DEM came out with their Quarterly with a _*Market Sensitive
*_
*Key Highlights *
_* • *Strong quarter, generating approx. A$3.3 million in cash receipts, representing approx. 65% growth over prior corresponding period  
• March Quarter 2020 confirms the structural shift to recurring revenues, with highest ever recurring revenue contribution to cashflow of 67% in March Quarter 2020   
• Strong underlying performance of acquired businesses, with Pumptech Tasmania subsidiary achieving its best-ever March Quarter  
• All contracted projects proceeding as expected
 • On track for best annual revenues on record
 • Strong balance sheet, with A$7.3 million cash as at 31 March 2020_


----------



## jbocker (30 April 2020)

Dona Ferentes said:


> DEM came out with their Quarterly with a _*Market Sensitive*_



Where can I find what market sensitive means? To me I think of, the market is touchy and this over-rides the company's fundamentals (even with good news!). Or, this is doing OK for now, but in this climate, many clients at risk of going down and this company could go cactus.
But wouldn't that apply to most company stocks at this level at this time.


----------



## Dona Ferentes (30 April 2020)

jbocker said:


> Where can I find what market sensitive means? To me I think of, the market is touchy and this over-rides the company's fundamentals (even with good news!). Or, this is doing OK for now, but in this climate, many clients at risk of going down and this company could go cactus.
> But wouldn't that apply to most company stocks at this level at this time.



It would be there in Listing Rule 3.1  - Continuous Disclosure / Market sensitive ?
https://www.asx.com.au/regulation/rules/asx-listing-rules.htm


----------



## jbocker (30 April 2020)

Dona Ferentes said:


> It would be there in Listing Rule 3.1  - Continuous Disclosure / Market sensitive ?
> https://www.asx.com.au/regulation/rules/asx-listing-rules.htm



Ahh got it. I thinking it was 'rating' related. Thanks DF. The report was good news btw, lets hope it continues.


----------



## Dona Ferentes (12 May 2020)

DEM comes out with a Market Sensitive Announcement today.

I didn't see anything too dramatic. Growth still happening, Positive cash flow a way off.


> • On track for record revenues in CY20
> • FY20F cash receipts/revenue guidance of $14-18m, driven by ~$9m of recurring revenues and $1.4m FY19 contract rollover, with $3.3m cash receipts in March Qtr2020 (seasonally weakest quarter)
> • Visible path to sustainable operating cash positive with diminishing operating cash outflow



Maybe some Corporate action - an acquisition and then going to markets for $$s?


----------



## Dona Ferentes (7 July 2020)

some nibbles on the BUY side. Order book weighted that way as well (not that it means anything)

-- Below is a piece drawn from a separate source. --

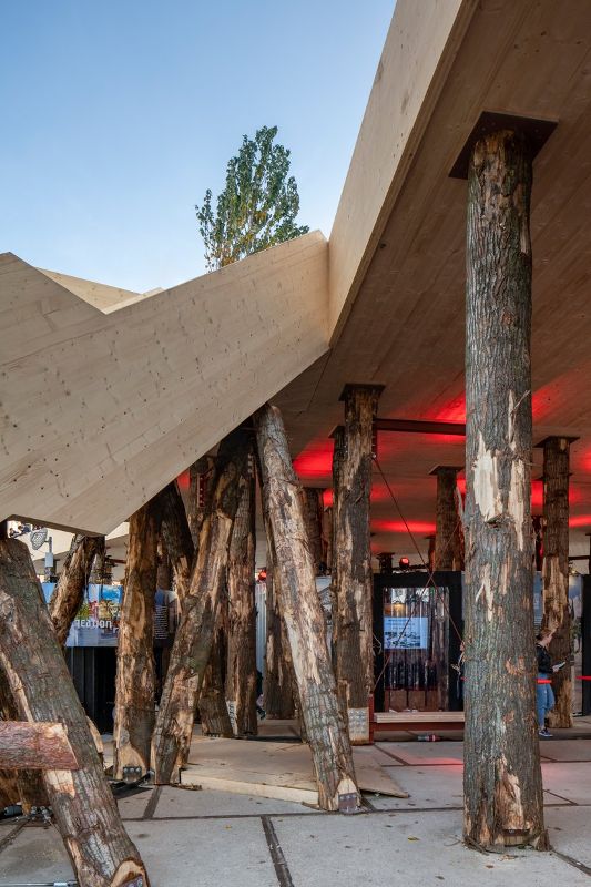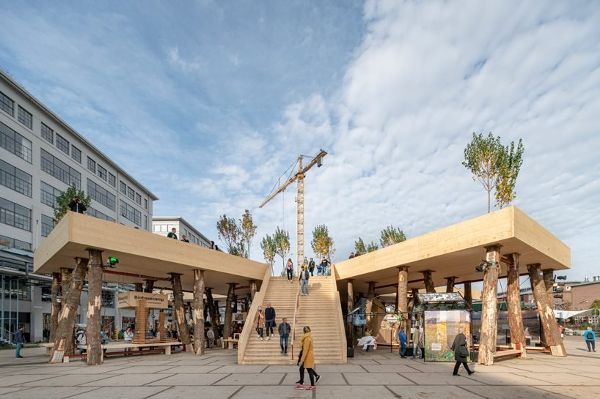 ?為了迎接2019年荷蘭設計周的到來,Marco Vermeulen工作室將“木制革命”帶到了Ketelhuisplein Ineindhoven的“生物大本營”展館。該項目使用木材建造,展示了材料的結構可能性,以迎接一個新的環保建筑時代的到來。

But I'd like some orders, sales, action, movement, growth.

( _hold; added to at recent lows_ )


----------



## Dona Ferentes (17 August 2020)

Dona Ferentes said:


> some nibbles on the BUY side. Order book weighted that way as well (not that it means anything)
> 
> But I'd like some orders, sales, action, movement, growth



still nibbling. A decided lack of selling? Reporting soon


----------



## Dona Ferentes (31 August 2020)

Highlights
 • Record half-year cash receipts of $7.4 million in 1H20, up 45% vs $5.1m in 1H19
 • On track for record CY20 annual cash receipts
 • On track to achieve CY20 cash receipts guidance of A$14-18m, assuming no further global deterioration in the COVID19 pandemic

_- bouncing along the baseline, really_


----------



## Dona Ferentes (20 January 2021)

Quarterly out...
*Key Highlights *
• _Inaugural positive quarterly operating cashflow of +$544k, successfully completing key business milestone.  
• Record quarterly cash receipts of $5.6m, up 53% vs September Quarter 
• Record full-year CY2020 cash receipts of ~$16m, up 36% vs CY2019 
• Record growth of acquired businesses, with De.mem-Pumptech (Tasmania) cash receipts up+67% in CY2020 to ~$4.0m and De.mem-Geutec (Germany) up +18% to ~$2.6m in CY2020.  
• Strong balance sheet, with $5.4 million cash and term deposits as at 31 December 2020. 
• Successful transition to ~58% recurring revenues in CY2020, up from ~38% in CY2018. 
• Strong outlook momentum for CY2021, with ~$13m of visible cash receipts comprising ~$3m of CY2020 contracted cash receipts from equipment sales carried over into CY2021 and ~$10m of recurring cash receipts_

.... and up 15%.
I like it when small companies achieve what they set out to do (and a bit more)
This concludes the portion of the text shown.